Then I noticed my rim was cracked. I'll try and forget about it until I'm in Colombia. 


22 August 2023 Day 284


In the morning I rode to Panama Overland Embassy, where I would be able to store the boat and camp for a night.


The FB Marketplace seller dropped off the boat. He included a canoe paddle, which I took to serve as a spare. The boat was undamaged, so I bought it for 350 USD. 


My bicycle and kayak at Panama Overland Embassy camping area.


I wrote in my journal:


"One of the most intimidating undertakings I have faced. I am terrified. I feel pretty prepared. I trust my abilities. But this is not something with which I have much experience. Mostly concerned about wind/rough seas and weather.


There's a bunch of European overlanders here. Nice to chat in English with some other travellers. 


Feeling still kind of terrified. But actually seeing and feeling and packing the boat gives me a lot of confidence. Everything fits, I fit."


23 August 2023 Day 285


Panama Overland Embassy had put me in contact with some van travelers who were shipping their bike from Panama City, Panama to Cartagena, Colombia. They would be using the Overland Embassy to help them ship the van. I paid them to put my bike inside the van. So I left my bike at the Overland Embassy campground and let them take care of it. 


My taxi to Puerto Obaldía, the start point, left Panama City at 7:30 AM. Unfortunately, the taxi couldn't pass into Guna Yala territory without a reservation, so the kayak was transfered to a local guy's truck. I paid the local guy to take me the rest of the way to the port. 
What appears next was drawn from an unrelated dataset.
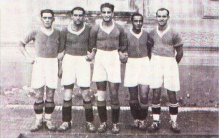 Аттила Саллюстро в центре с товарищами по команде « Наполи» в 1927 году

The local guy kept joking about how I could go all the way to Colombia, and I just went along with it "haha yeah wouldn't that be crazy!"


Transferring the kayak to the local guy's truck. 


At the port, I had to pay a 2 USD fee just to be there. Then, after a chat with the boss, they told me I couldn't leave the port by kayak. 


So I found a local who would give me a ride to a nearby island for 10 USD, from which I could depart. 


Getting a ride in his motorboat. She wore traditional clothing and took a video of me with her smartphone. 


I thought he told me we were going to the close island.


A view of the close island as we sped by it.


We must have had a miscommunication, because instead of the close island, he dropped me off at a different island several kilometers downwind, in the wrong direction. Perhaps the far island is named "close island".


At any rate, I was thankful for the ride; I could finally start kayaking. 


I paddled back towards shore, so I could follow the protected coastline.


A river flowing into the sea.


After three hours paddling, I looked for camping along the coastline.


Camping night 1: Soft ground, calm, few insects. 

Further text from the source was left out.